Computing is quickly moving to a multi-core model. The speeds of processors aren’t increasing as much as they have been in the past, largely due to the constraints imposed by power and heat as well as the move to mobile. Basically everyone at this point has a multi-core processor on their desktop or laptop. And multi-core processors are starting to show up in mobile devices as well.
So one of the easiest ways to take advantage of multiple processors is to have each DOM assigned to its own processor, and the easiest way to do that is to have a few processes that can each be assigned to their own CPU.
We’re also investing in longer-horizon projects to examine what a multi-threaded DOM and layout engine might look like, but those are far enough away and risky enough where we know that there will be lots of value in building a multi-process browser for quite a while.
Predictable memory behaviour
Although we’ve made vast improvements to memory handling since the release of Firefox 4, we’re still faced with the fundamental problem of memory fragmentation. Because we’re based on C and C++, objects in our graph are often not relocatable.
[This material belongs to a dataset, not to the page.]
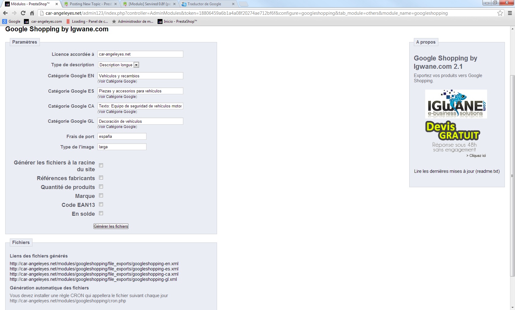 salud marco Posted April 3, 2013 Share Posted April 3, 2013 (edited) hola hace unos dias baje el modulo Google Shopping gratuito pero me es imposible realizar que funcione pongo foto de la configuración y del fallo que me da , a ver si podéis ayudarme alguno . gracias de antemano Edited April 3, 2013 by salud marco (see edit history) Link to comment Share on other sites More sharing options...
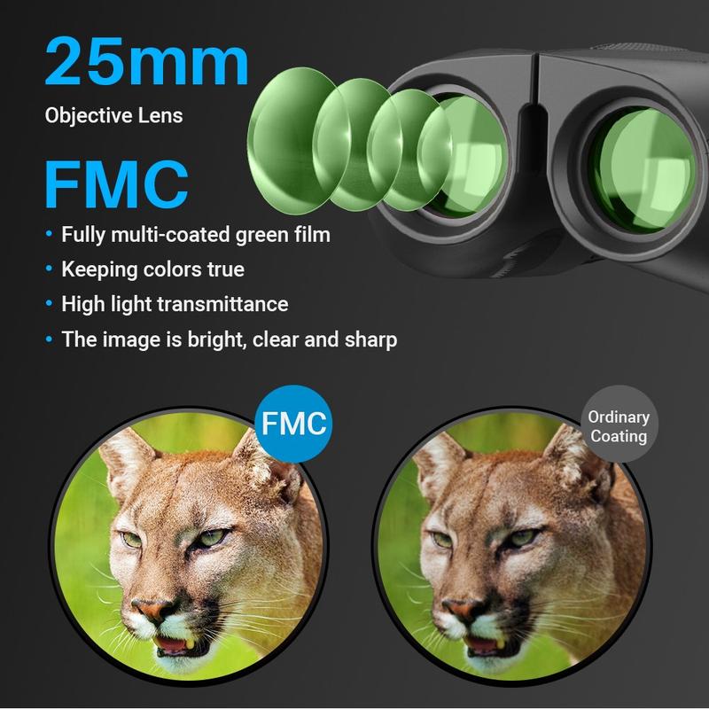APEXEL 10×25 oferă performanțe optice mari într-un cadru mic. Cu prisme BAK4, acoperiri FMC, un câmp vizual larg și un design pliabil de buzunar, acestea sunt perfecte pentru călătorii și iubitorii de activități în aer liber care doresc claritate fără a transporta echipamente voluminoase.

Over the long term, heap allocation will grow and cause memory to “leak.” This isn’t a problem that’s specific to Firefox. Just about every long-running process with even mildly complex allocation patterns suffers from this problem.
You can see this in the difference between the system memory reporting tools and what the internal allocator reports as memory that’s allocated. That “missing memory” is sometimes memory held in reserve, but they are often enough holes brought about by memory fragmentation. We also do some larger allocations in anonymous memory maps, but most small allocations still happen in pools that are allocated on the heap.
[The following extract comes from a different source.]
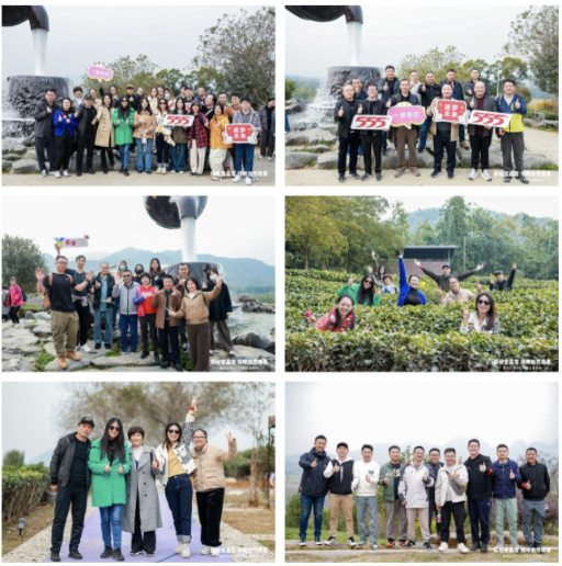 بدأ الحدث بمقدمة موجزة من المرشد حول النشاط وجلسة اختبار. كانت الوجهة الأولى هي حديقة الشاي "Hanging Sky Kettle" في Yingde، والمعروفة باسم "موطن الشاي الأسود الصيني". كان الدخول إلى حديقة الشاي بمثابة دخول محيط أخضر شاسع. كانت التلال مغطاة بطبقات من أشجار الشاي الخصبة، مرتبة بدقة في صفوف مثل لوحة فنية رائعة رسمتها الطبيعة. بعد استكشاف حديقة الشاي، شرعت المجموعة في رحلة ثقافة الشاي العميقة بقيادة أحد أساتذة الشاي. قدم أستاذ الشاي، وهو يحمل أوراق الشاي الرقيقة، شرحًا مفصلاً لأنواع وتصنيفات الشاي. بحركات ماهرة ورشيقة، أوضح الأستاذ كل خطوة من خطوات تحضير الشاي، بما في ذلك تسخين الأكواب وشطف الشاي والتخمير والتقديم. تجمع الموظفون حولهم، وراقبوا بهدوء، وحملوا الشاي الساخن الطازج في أيديهم بلطف، مستمتعين بنكهته. ترددت أصوات الإعجاب والمحادثة حيث شارك الجميع رؤاهم وتقديرهم لثقافة الشاي، مما خلق جوًا حيويًا ومبهجًا.

Physical pages of memory are allocated at the operating system layer and handed to user processes, at the process level, as virtual pages. The best way to return those to the operating system is to exit the process. It’s a pretty high-level granularity for recycling memory, for for very long-running browser sessions it’s the only way to get predictable memory behaviour. This is why content processes offer a better model for returning memory to the operating system over time.
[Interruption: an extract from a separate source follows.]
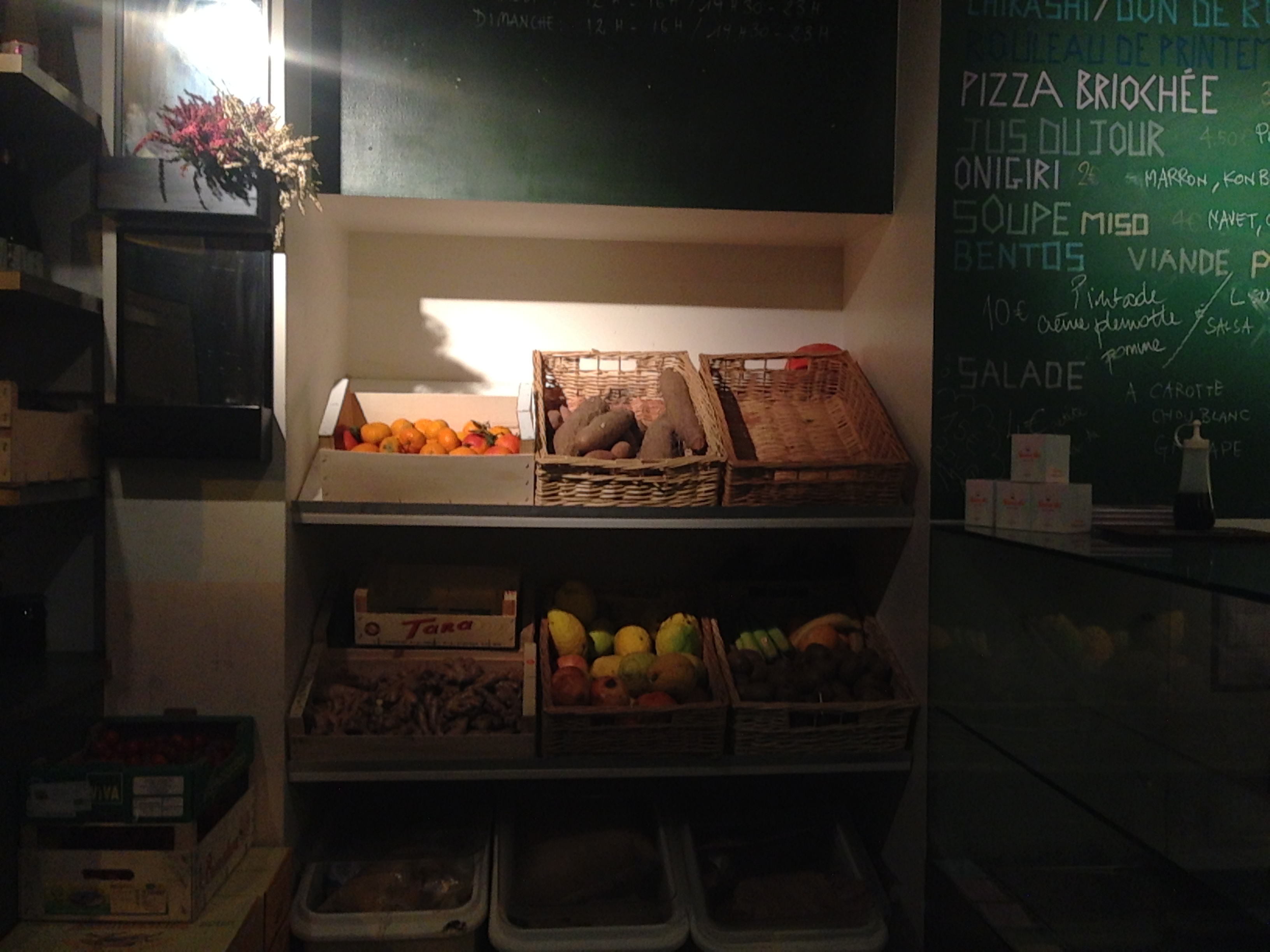 Les menus sont inscrits sur une grande ardoise. En tête d’affiche: jus frais, bentos, et chirachis, et le tout bio!

We introduced protection from crashes in plugins with the release of Firefox 3.6.4. We implemented it because of the reliability problems that plugins – in particular Flash – were suffering from. Crashes in Flash were causing overall browser stability problems, and reflecting poorly on Firefox’s perceived reliability.
Although the number of crashes caused by content is relatively small – on the order of 1-2 crashes per 100 users per day – crashes that can be contained to the content processes are easier to identify, easier to diagnose and don’t take down the entire browser.
There’s also another nice benefit to having content processes. When there’s a crash, it’s much easier to tell what site caused the crash. In a single-process model, you can guess based on all of the sites that a person has open, but it could be any of them, and you have to look at a large sample of data and correlate sites to crash signatures to see patterns in the data. With a single tab (or small group of tabs) the number of sites is reduced so the crash can be more easily identified.
Sandboxing for security
The last goal that we have for adding support for multiple content processes to Firefox is for security. Some operating systems now have the ability to put a process into a “low rights mode” where they can’t access a lot of system resources. This means that even if there is a security problem in a content process, that the amount of damage that content process can do is limited to what the sandbox allows.
This system is imperfect, of course. Having the ability to talk to the “more privileged” chrome process can still result in exploits that have raised permissions. And it doesn’t protect one web site from another malicious web site. But it is a positive step forward, and is well-worth the investment.